Locate "2020年至2024年,用友" in the data below, then output the line it is on and all following lines through the last, word for word. Skip any pictures.

_Source material_:
= Beginning of Section =

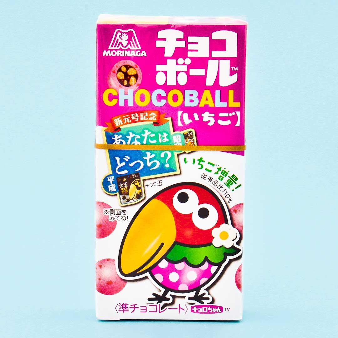 These round snacks are coated with strawberry chocolate and have crunchy, cocoa-flavored cookie centers. The beak-shaped opening of the box is also inspired by the Chocoball mascot Kyoro-chan! Pour some out from his beak when you want a sweet chocolatey treat.
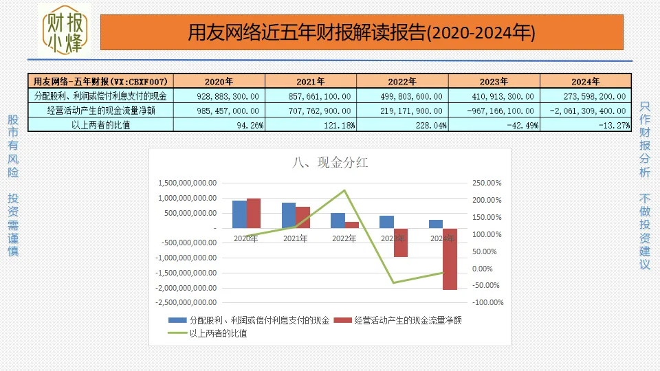 2020年至2024年,用友网络的现金分红金额分别为9.29亿元、8.58亿元、5.00亿元、4.11亿元、2.74亿元,现金分红率分别为94.26%、121.18%、228.04%、-42.49%、-13.27%,平均值77.54%大于20%,但后两年为负,分红慷慨性如昙花一现,难以持续。
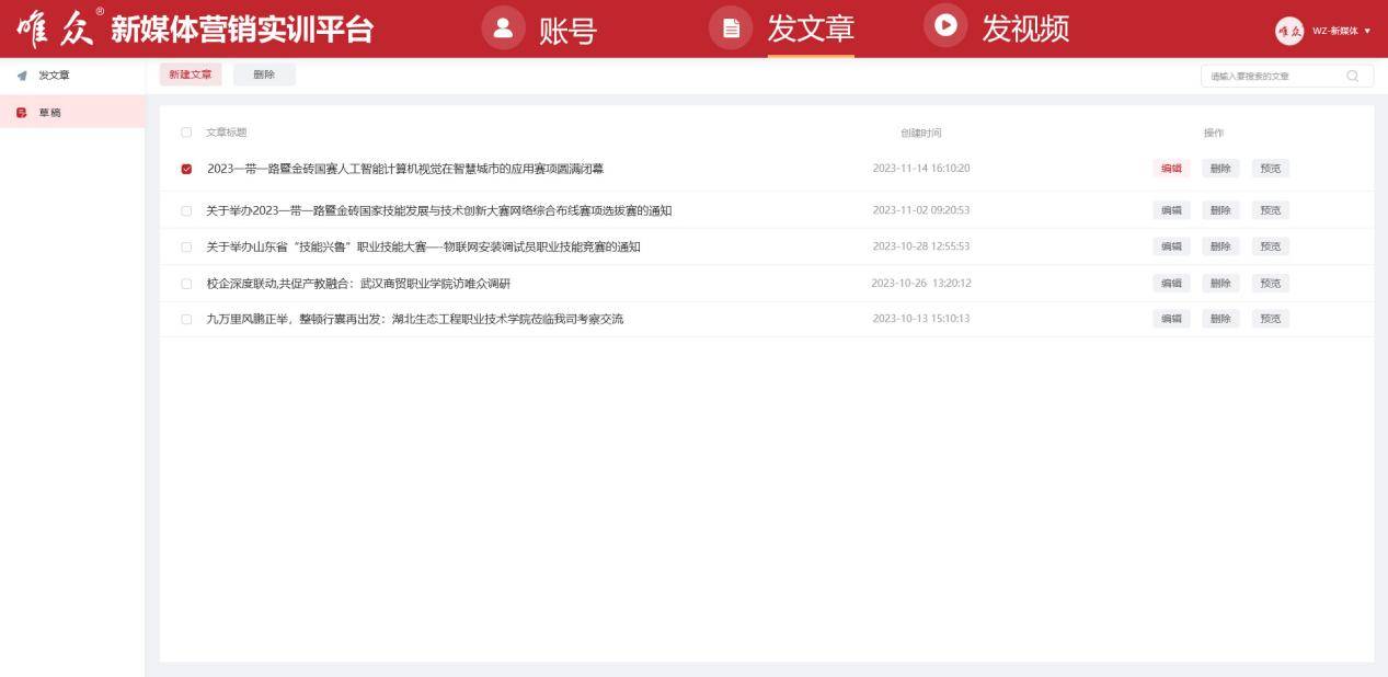 实训平台提供了统一的后台文章管理界面。用户可以轻松查看或删除已发布文章,并查看发布详情如时间、平台和状态等信息,方便管理。另外平台还提供草稿箱功能,用户可以保存草稿,并在草稿箱中查看和编辑所有未发布文章,以提高创作效率。

= End of Section =

_Task answer_:
 2020年至2024年,用友网络的现金分红金额分别为9.29亿元、8.58亿元、5.00亿元、4.11亿元、2.74亿元,现金分红率分别为94.26%、121.18%、228.04%、-42.49%、-13.27%,平均值77.54%大于20%,但后两年为负,分红慷慨性如昙花一现,难以持续。
 实训平台提供了统一的后台文章管理界面。用户可以轻松查看或删除已发布文章,并查看发布详情如时间、平台和状态等信息,方便管理。另外平台还提供草稿箱功能,用户可以保存草稿,并在草稿箱中查看和编辑所有未发布文章,以提高创作效率。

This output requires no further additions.